[[ Source material open ]]
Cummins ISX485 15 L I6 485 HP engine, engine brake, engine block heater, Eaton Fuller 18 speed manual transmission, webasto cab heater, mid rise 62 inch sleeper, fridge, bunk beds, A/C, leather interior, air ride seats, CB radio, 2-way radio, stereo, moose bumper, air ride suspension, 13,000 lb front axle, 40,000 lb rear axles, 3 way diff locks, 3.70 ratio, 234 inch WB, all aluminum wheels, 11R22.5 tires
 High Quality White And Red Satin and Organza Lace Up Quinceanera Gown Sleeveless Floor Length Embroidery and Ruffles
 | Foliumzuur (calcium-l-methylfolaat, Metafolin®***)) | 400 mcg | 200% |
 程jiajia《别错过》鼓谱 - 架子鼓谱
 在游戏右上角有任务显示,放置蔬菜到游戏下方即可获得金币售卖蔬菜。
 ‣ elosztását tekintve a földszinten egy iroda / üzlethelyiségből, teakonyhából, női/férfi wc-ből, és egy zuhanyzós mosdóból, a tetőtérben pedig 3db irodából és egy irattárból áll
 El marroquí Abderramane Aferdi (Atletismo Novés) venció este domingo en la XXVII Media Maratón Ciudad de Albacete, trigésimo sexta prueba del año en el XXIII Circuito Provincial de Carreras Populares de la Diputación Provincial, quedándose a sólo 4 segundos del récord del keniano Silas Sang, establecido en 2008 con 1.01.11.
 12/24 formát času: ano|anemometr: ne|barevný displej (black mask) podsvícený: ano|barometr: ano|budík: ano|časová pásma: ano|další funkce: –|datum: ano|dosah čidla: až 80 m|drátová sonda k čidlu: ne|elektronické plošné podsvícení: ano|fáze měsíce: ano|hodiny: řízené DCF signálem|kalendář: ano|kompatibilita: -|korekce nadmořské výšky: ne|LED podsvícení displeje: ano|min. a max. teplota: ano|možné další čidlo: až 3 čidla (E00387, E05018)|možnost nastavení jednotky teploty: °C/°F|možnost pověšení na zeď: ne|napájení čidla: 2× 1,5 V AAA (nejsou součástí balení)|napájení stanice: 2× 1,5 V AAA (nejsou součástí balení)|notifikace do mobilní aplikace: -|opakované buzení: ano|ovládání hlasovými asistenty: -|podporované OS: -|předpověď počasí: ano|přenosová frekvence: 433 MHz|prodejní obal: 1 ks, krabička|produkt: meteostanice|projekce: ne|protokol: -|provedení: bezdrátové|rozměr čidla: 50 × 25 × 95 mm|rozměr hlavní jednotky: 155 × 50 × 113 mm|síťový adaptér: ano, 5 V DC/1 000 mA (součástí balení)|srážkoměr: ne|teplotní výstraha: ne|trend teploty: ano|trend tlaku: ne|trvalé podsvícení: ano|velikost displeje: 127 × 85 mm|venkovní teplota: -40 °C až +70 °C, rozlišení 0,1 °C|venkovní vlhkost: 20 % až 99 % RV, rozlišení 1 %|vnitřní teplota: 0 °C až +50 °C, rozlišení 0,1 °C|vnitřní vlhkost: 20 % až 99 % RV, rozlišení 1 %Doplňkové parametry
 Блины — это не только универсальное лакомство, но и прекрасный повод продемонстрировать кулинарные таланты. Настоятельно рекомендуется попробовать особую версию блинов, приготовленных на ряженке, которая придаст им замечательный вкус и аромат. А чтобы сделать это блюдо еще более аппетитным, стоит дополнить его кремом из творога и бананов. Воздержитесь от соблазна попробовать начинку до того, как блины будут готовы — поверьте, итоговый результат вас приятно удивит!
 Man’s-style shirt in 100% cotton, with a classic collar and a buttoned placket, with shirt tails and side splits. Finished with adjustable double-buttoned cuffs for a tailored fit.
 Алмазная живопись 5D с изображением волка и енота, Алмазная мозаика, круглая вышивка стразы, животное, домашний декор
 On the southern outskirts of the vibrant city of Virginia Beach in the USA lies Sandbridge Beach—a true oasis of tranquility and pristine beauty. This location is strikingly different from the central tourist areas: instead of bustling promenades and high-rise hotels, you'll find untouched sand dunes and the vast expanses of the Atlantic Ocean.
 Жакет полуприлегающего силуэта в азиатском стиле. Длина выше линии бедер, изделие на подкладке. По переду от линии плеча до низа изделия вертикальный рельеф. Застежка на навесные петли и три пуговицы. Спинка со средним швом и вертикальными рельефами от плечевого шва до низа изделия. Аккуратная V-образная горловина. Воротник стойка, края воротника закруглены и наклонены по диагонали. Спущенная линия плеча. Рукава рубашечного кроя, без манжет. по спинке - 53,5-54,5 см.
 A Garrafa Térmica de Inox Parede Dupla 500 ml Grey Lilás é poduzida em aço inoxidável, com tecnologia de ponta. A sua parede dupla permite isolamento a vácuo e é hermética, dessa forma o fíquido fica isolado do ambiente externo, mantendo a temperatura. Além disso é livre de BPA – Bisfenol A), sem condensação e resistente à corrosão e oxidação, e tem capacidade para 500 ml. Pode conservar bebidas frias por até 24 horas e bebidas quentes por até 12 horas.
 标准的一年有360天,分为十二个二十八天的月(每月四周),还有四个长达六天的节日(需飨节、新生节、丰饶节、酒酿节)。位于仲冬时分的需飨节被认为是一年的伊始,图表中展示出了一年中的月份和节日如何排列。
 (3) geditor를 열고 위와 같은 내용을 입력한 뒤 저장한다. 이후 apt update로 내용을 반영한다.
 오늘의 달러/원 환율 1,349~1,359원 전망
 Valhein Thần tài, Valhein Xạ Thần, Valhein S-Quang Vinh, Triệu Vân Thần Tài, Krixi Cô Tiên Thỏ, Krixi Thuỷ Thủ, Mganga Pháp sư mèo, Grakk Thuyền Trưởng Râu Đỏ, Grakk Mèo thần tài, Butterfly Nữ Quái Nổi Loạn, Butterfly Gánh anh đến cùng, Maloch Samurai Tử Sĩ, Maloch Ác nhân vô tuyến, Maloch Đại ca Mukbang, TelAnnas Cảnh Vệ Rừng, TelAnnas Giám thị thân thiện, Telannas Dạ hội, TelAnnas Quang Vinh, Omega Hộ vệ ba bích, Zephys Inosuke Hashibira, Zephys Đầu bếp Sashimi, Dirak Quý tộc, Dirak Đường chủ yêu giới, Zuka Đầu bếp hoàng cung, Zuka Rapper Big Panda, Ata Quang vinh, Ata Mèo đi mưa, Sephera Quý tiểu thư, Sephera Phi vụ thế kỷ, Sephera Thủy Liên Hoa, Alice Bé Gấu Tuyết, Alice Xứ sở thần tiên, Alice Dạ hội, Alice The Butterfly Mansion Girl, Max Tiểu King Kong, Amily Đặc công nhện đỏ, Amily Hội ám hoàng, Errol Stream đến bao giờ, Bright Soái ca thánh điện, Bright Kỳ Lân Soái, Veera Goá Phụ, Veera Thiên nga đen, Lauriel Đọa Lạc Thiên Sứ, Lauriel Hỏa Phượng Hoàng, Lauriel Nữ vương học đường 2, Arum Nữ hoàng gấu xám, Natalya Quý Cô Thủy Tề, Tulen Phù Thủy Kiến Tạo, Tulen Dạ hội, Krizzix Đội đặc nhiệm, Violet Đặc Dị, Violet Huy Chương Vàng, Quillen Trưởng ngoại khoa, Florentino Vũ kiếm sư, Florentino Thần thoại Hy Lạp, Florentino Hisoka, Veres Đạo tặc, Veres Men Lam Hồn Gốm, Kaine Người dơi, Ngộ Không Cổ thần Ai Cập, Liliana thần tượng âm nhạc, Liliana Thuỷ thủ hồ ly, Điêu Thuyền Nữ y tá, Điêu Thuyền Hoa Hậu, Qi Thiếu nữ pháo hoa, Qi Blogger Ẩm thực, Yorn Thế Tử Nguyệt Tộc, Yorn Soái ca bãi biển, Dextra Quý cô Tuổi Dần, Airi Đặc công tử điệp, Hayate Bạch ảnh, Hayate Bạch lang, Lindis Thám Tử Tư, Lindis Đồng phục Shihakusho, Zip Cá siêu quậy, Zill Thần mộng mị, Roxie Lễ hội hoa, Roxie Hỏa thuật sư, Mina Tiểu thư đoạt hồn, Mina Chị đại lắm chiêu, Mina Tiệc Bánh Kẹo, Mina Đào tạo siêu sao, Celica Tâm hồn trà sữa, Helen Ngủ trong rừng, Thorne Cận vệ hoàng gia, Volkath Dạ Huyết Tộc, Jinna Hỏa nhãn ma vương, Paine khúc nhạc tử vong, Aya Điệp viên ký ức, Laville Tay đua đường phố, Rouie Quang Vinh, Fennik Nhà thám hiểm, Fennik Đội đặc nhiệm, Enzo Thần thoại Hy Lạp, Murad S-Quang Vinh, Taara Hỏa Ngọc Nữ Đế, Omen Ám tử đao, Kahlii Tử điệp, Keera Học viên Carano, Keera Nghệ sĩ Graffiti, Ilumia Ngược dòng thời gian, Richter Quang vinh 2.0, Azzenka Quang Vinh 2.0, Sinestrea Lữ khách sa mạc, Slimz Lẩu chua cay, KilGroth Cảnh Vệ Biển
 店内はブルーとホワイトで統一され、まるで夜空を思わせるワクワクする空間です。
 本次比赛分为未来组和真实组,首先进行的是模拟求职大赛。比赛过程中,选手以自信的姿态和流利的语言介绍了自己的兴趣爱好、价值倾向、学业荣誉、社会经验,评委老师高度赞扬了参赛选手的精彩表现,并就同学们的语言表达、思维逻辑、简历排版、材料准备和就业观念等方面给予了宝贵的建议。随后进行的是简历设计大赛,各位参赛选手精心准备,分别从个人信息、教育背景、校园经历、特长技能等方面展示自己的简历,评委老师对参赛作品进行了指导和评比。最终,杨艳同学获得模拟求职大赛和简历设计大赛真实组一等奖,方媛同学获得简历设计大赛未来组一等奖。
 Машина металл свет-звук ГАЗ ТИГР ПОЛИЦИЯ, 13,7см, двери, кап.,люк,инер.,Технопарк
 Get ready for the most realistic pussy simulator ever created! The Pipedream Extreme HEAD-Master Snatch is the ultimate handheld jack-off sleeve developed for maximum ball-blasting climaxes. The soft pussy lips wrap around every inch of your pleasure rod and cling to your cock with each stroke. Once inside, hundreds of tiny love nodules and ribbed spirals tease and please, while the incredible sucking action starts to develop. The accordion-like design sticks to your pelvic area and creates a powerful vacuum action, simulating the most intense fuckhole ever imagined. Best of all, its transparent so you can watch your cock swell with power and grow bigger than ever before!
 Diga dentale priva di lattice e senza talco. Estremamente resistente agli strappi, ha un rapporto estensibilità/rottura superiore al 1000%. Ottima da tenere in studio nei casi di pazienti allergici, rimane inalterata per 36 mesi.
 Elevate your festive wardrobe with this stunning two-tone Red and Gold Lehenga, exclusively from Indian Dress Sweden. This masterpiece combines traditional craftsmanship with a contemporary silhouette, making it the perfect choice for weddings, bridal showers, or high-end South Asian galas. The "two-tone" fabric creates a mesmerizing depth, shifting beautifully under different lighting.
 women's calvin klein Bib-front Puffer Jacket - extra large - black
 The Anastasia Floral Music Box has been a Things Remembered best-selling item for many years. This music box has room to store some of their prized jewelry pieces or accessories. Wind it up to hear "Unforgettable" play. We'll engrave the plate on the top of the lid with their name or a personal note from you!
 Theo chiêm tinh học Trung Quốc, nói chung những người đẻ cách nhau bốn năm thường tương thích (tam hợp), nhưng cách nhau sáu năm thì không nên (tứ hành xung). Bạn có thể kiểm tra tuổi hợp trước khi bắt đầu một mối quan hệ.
[[ Source material closed ]]
* Your goal
The lines of the records that contain the string "This" should be located and copied.

* Written solution
 On the southern outskirts of the vibrant city of Virginia Beach in the USA lies Sandbridge Beach—a true oasis of tranquility and pristine beauty. This location is strikingly different from the central tourist areas: instead of bustling promenades and high-rise hotels, you'll find untouched sand dunes and the vast expanses of the Atlantic Ocean.
 Elevate your festive wardrobe with this stunning two-tone Red and Gold Lehenga, exclusively from Indian Dress Sweden. This masterpiece combines traditional craftsmanship with a contemporary silhouette, making it the perfect choice for weddings, bridal showers, or high-end South Asian galas. The "two-tone" fabric creates a mesmerizing depth, shifting beautifully under different lighting.
 The Anastasia Floral Music Box has been a Things Remembered best-selling item for many years. This music box has room to store some of their prized jewelry pieces or accessories. Wind it up to hear "Unforgettable" play. We'll engrave the plate on the top of the lid with their name or a personal note from you!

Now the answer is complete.